J'ai installé le dernier noyau gentoo-sources mais je n'arrive pas à logger.

Openrc affiche plein de message rouges avec cannot open file

Quand j'arrive sur la demande de login avec unknown domain , impossible d'acceder aux comptes user, root

----------

## xaviermiller

Bonjour,

Il n'y a eu que le kenrel de modifié ? Rien d'autre ?

----------

## boozo

Le "kenrel" ? marrant que la typo se transmette ^^

Je ne sais pas si c'est similaire à ton cas mais y'a des plaintes sur la série 3.10.x (i.e. sur les forums En). Je n'ai pas regardé mais le b.g.o ne dit rien la-dessus ?

Btw, c'est un brin paradoxal sur un noyau "longterm" mais bon...

edit: typo+link fixed

----------

## babykart

Bonjour,

J'utilise le 3.10.X (~amd64) depuis son intégration dans l'arbre de portage sans soucis avec OpenRC.

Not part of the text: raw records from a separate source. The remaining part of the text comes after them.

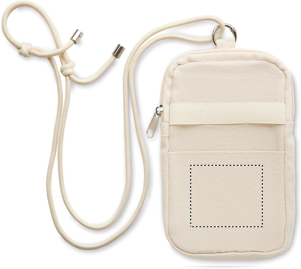 Crossbody-älypuhelinlaukku kierrätettyä puuvillaa, säädettävällä RPET-polyesterinauhalla ja avotaskulla edessä. 280 g/m².
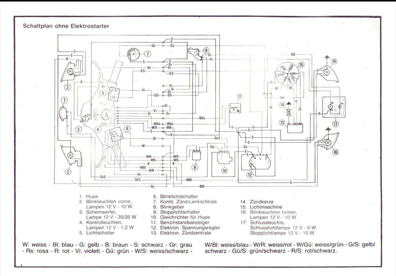 Den Schaltplan verstehe ich nicht so ganz mit dem zweiten am Multistecker endenden Violett. Und die Klemmenbezeichnungen am Rücklicht passen auch nicht.
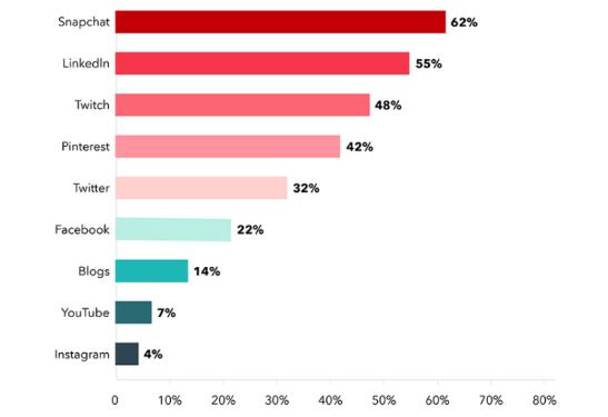 6. Snapchat 是网红营销最不受欢迎的平台之一。
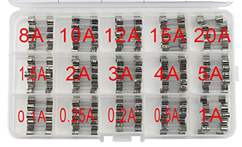 - Those glass fuses are packaged in a clear plastic box for keeping different Ampere values separated and easy to access
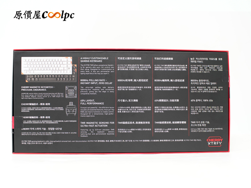 外盒延續了經典的黑紅配色,展現濃厚的 CHERRY 質感與競技風格。左上方醒目的「K5 PRO TMR」與「COMPACT」字樣,直接點出它精悍的 65% 配置;右上方印有的「8K Hz」標籤,更預告了這把鍵盤具備頂級的回報率性能。側邊也貼心地標註了 RGB 燈效、磁軸熱插拔、CHERRY MK 軸體以及自定義動態鍵程等核心規格。
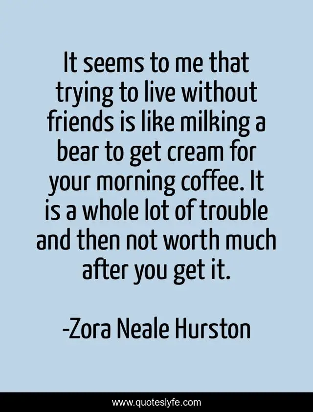 This page presents the quote "It seems to me that trying to live without friends is like milking a bear to get cream for your morning coffee. It is a whole lot of trouble and then not worth much after you get it.". Author of this quote is Zora Neale Hurston. .

Sur mes postes de travail avec le drivers nvidia, il faut installer la version ~ du paquet...

@ +

----------

## Biloute

Me revoilà aprés une periode offline.

J'avais demasqué le gentoo-sources-3.10.4 et ensuite j'ai fait un make oldconfig avec le .config du gentoo-sources-3.9

Le PC boot bien sur le nouveau noyau mais je ne peux pas passer ni un user ni un root. Je fait un Ctrl+Alt+Suppr pour rebooter puis dans grub je sélectionne le noyau 3.9 et tout fonctionne bien.

Je ne suis pas totalement en stable donc peut-être qu'il faut simplement que je mette quelques lignes dans mon /etc/portage/package.accept_keywords. Ce nouveau kerenl demande peut-être une dernière version d'un paquet bien précis.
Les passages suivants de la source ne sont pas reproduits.